— ACTIVITY —
Instruction for the entries that follow: retype exactly the lines from the line with "Wind Technician II or III at Frontier Wind I" to the line with "500х900х870мм, Нейтральный модуль", both included, and omit all others.
(INFORMATION GIVEN begins)
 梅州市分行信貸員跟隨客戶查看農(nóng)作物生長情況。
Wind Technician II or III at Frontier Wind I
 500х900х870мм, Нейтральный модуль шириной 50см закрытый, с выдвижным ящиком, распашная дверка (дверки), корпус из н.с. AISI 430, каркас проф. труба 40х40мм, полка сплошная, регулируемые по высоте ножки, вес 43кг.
(INFORMATION GIVEN ends)
(INFORMATION GIVEN begins)
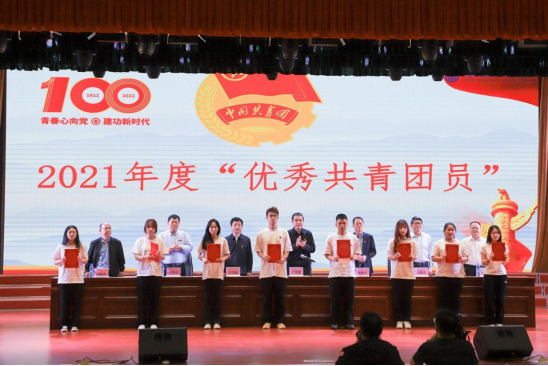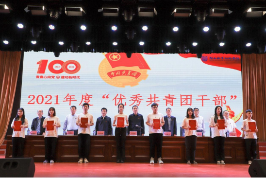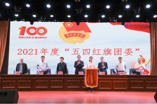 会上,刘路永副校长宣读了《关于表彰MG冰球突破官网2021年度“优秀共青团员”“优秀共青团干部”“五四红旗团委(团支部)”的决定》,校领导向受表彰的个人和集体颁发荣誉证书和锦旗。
(INFORMATION GIVEN ends)
— ANSWER TO THIS EXERCISE —
Wind Technician II or III at Frontier Wind I
 500х900х870мм, Нейтральный модуль шириной 50см закрытый, с выдвижным ящиком, распашная дверка (дверки), корпус из н.с. AISI 430, каркас проф. труба 40х40мм, полка сплошная, регулируемые по высоте ножки, вес 43кг.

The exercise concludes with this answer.